Not a reliable repro, but trying to start mongod using a port, which is in use should do the trick.

Participants:

 Description   

This is specific to MongoD with WiredTiger storage engine and only happens during early shutdown.

If mongod invokes shutdown very early in the startup sequence (say, because it cannot bind to the listening socket, because it's in use), this may catch the WiredTiger engine still initializing and cause it to crash.

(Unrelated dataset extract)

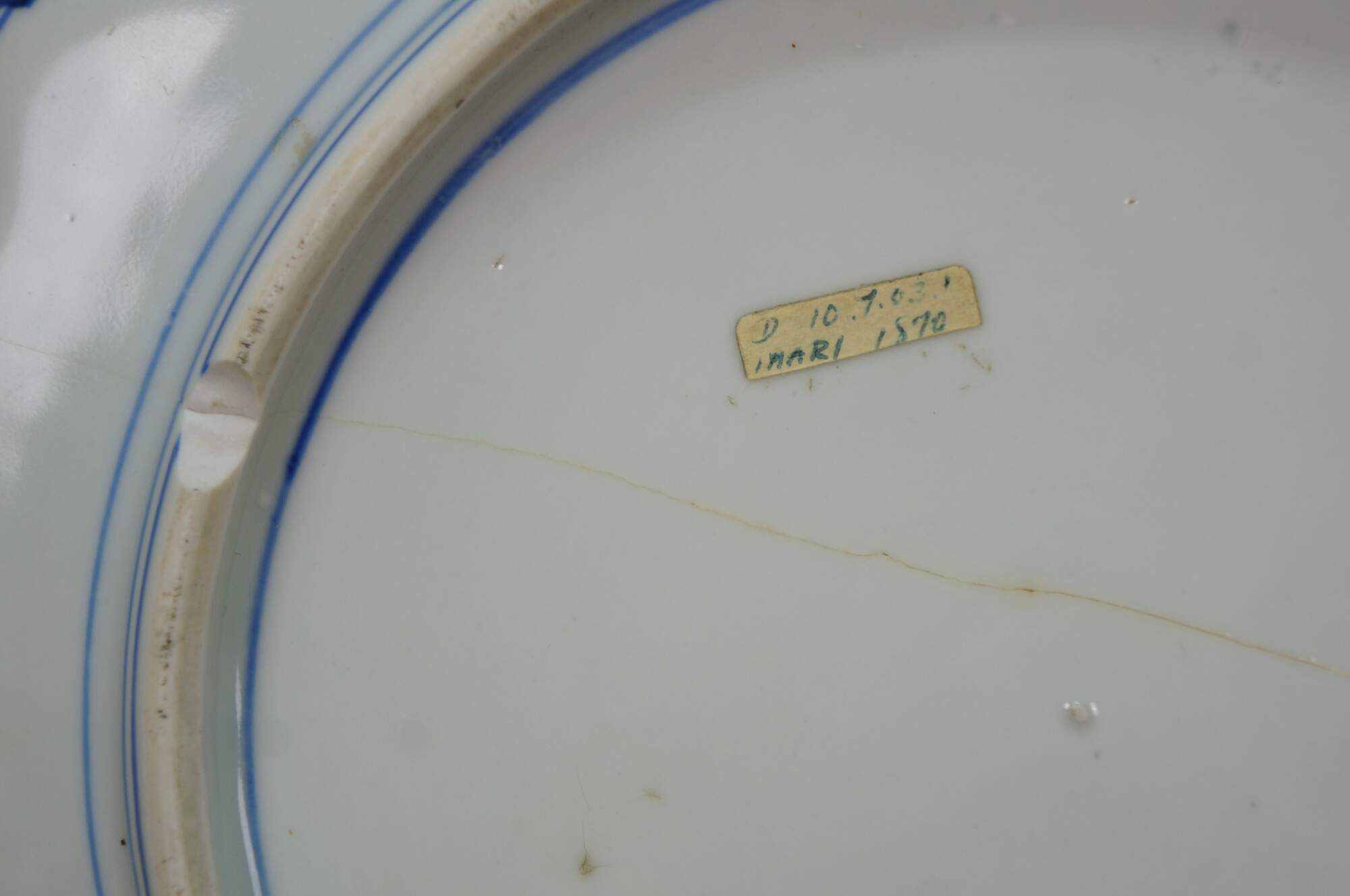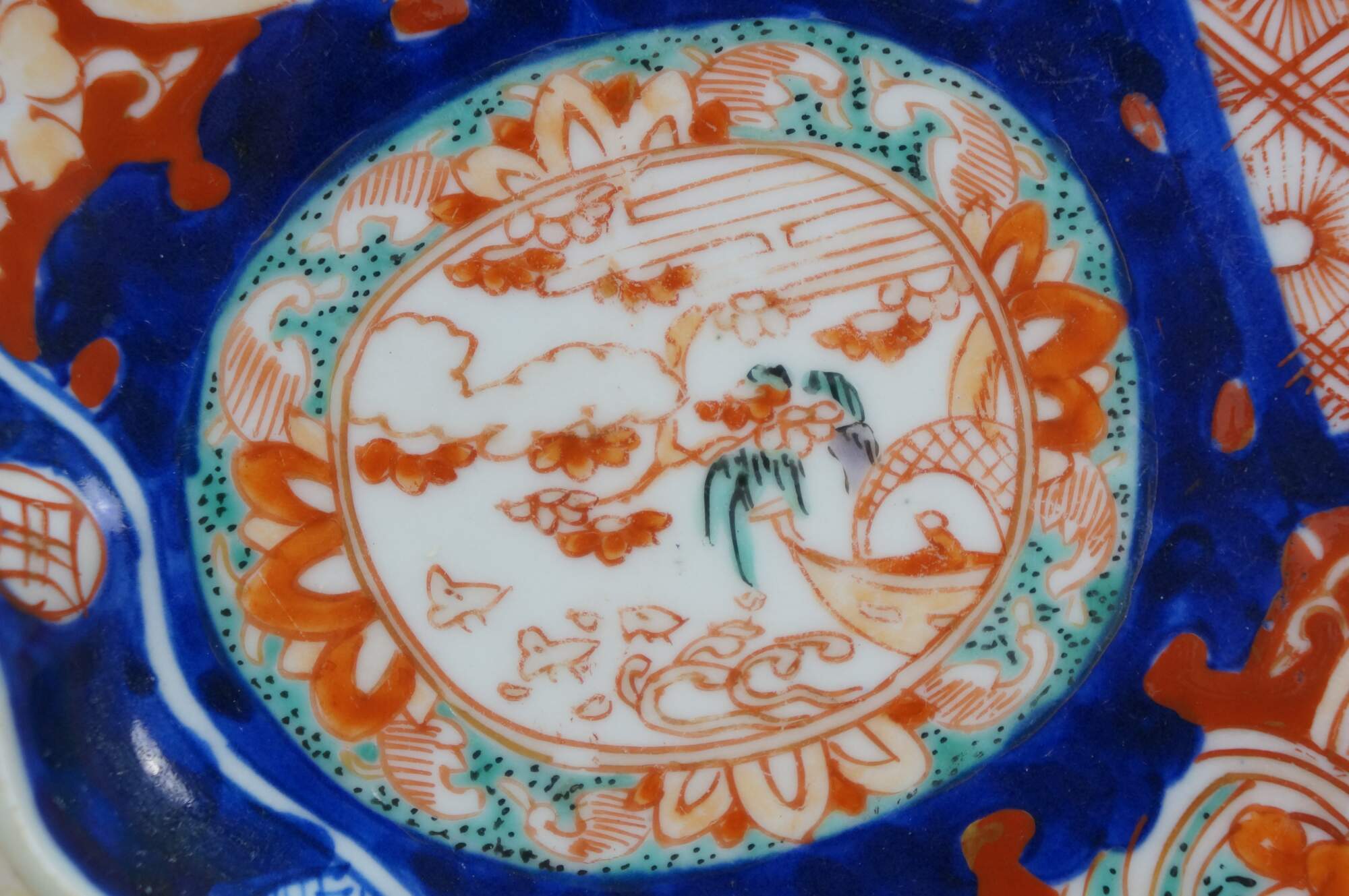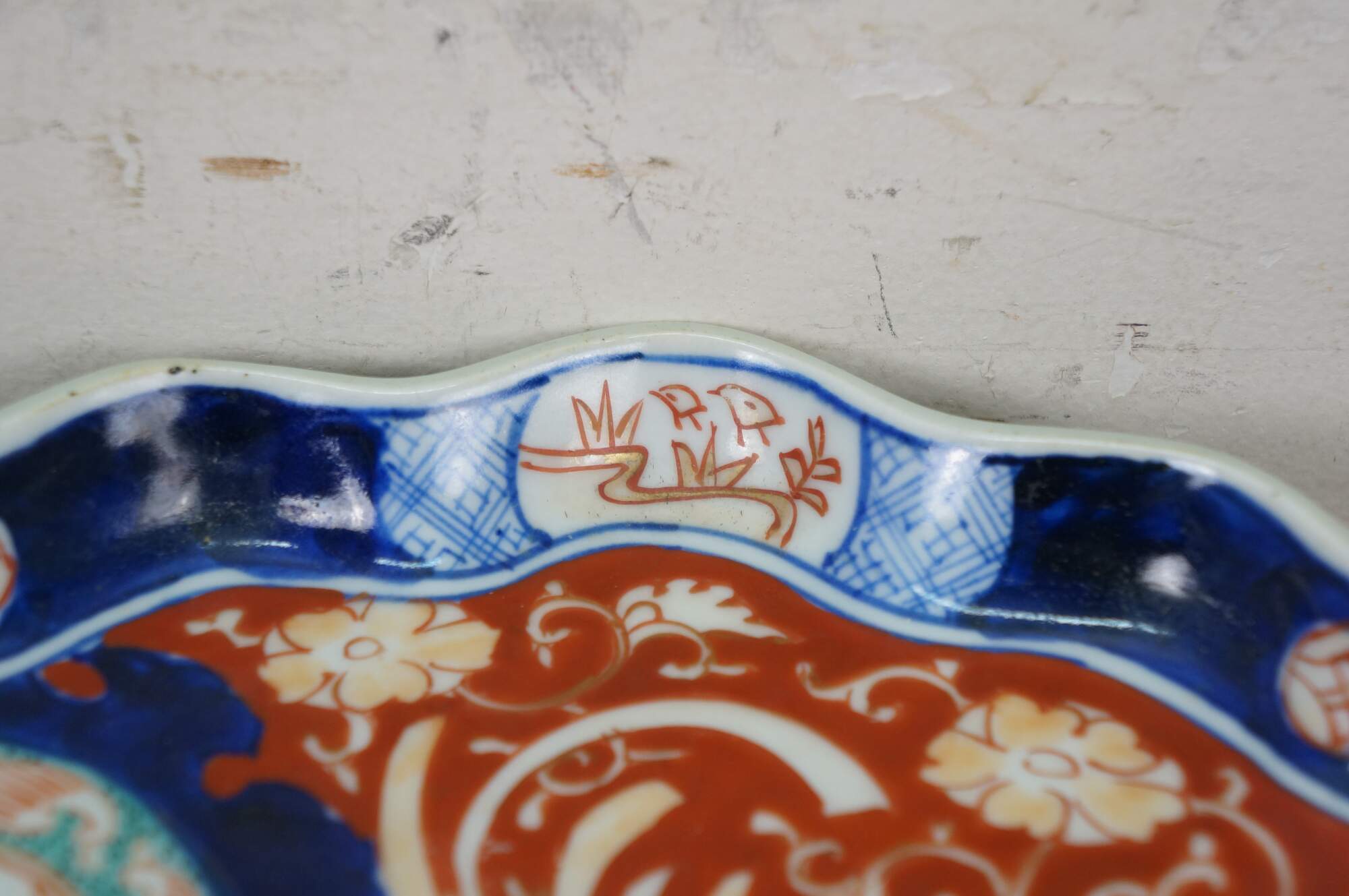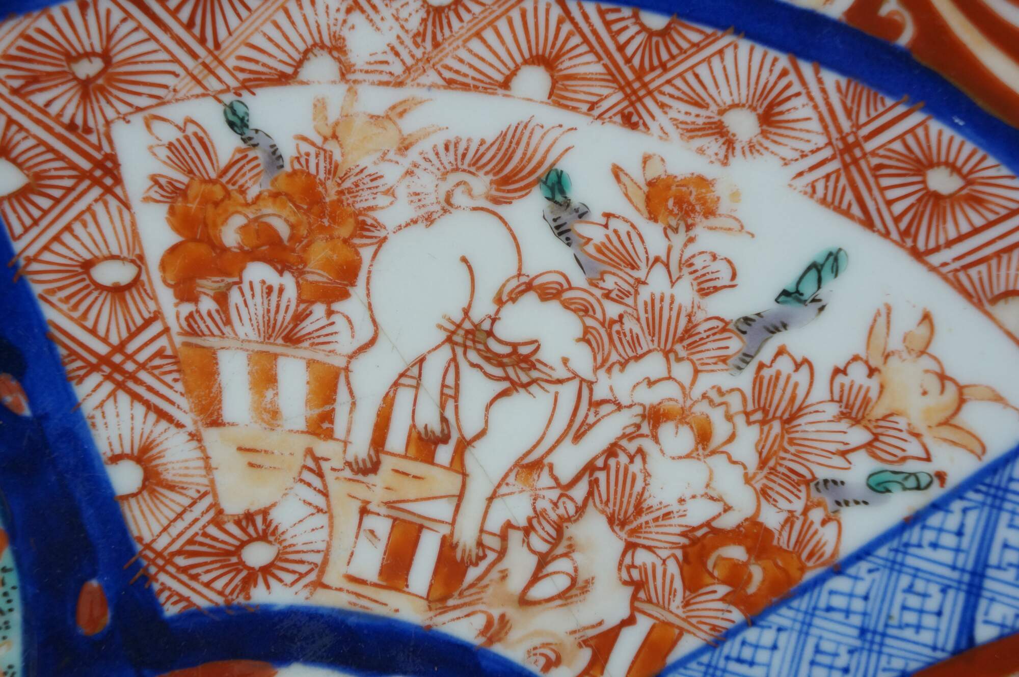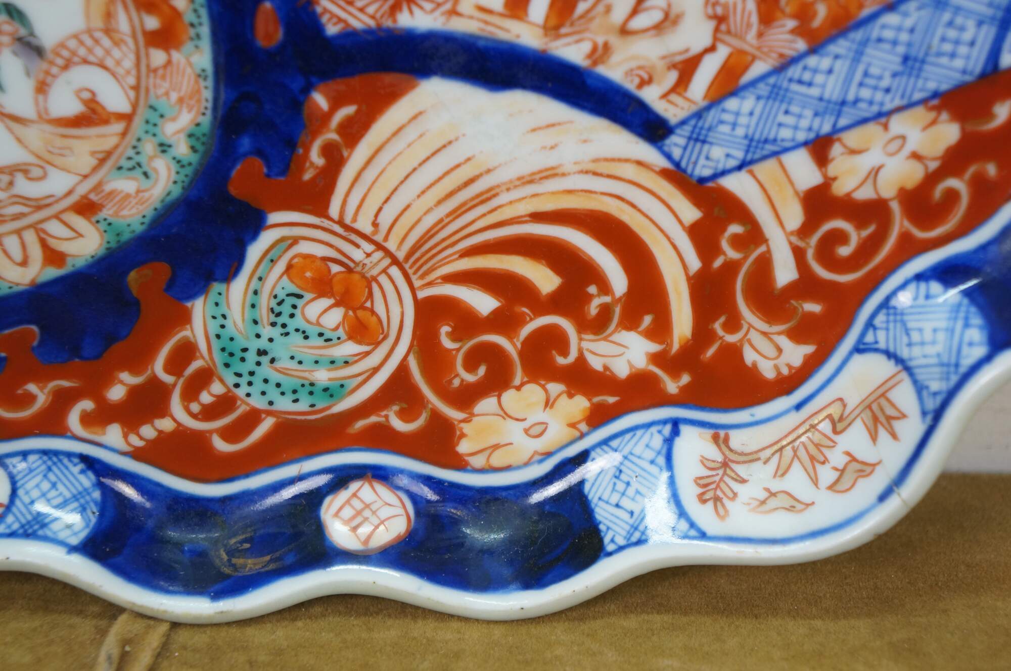 Antique Japanese imari porcelain serving platter / dish with a raised scalloped edge, decorated in orange, blue, and green with flowers, bauble with streaming ribbons, a figure in a boat on the water, and a foo dog in a garden.

The call stack below shows the location of the crash and I am also attaching the complete logs.

mongo::printStackTrace(std::ostream&) at /tmp/TestRunDirectory/mongo/src/mongo/util/stacktrace_posix.cpp:171
mongo::(anonymous namespace)::printSignalAndBacktrace(int) at /tmp/TestRunDirectory/mongo/src/mongo/util/signal_handlers_synchronous.cpp:179
 (inlined by) mongo::(anonymous namespace)::abruptQuit(int) at /tmp/TestRunDirectory/mongo/src/mongo/util/signal_handlers_synchronous.cpp:235
?? ??:0
?? ??:0
?? ??:0
mongo::fassertFailed(int) at /tmp/TestRunDirectory/mongo/src/mongo/util/assert_util.cpp:172
mongo::(anonymous namespace)::mdb_handle_error(__wt_event_handler*, __wt_session*, int, char const*) at /tmp/TestRunDirectory/mongo/src/mongo/util/assert_util.h:214
__wt_eventv at /tmp/TestRunDirectory/mongo/src/third_party/wiredtiger/src/support/err.c:286
__wt_err at /tmp/TestRunDirectory/mongo/src/third_party/wiredtiger/src/support/err.c:311
__wt_panic at /tmp/TestRunDirectory/mongo/src/third_party/wiredtiger/src/support/err.c:494
__ckpt_server at /tmp/TestRunDirectory/mongo/src/third_party/wiredtiger/src/conn/conn_ckpt.c:124
?? ??:0
?? ??:0



 Comments   
Comment by Alexander Gorrod [ 08/Feb/17 ]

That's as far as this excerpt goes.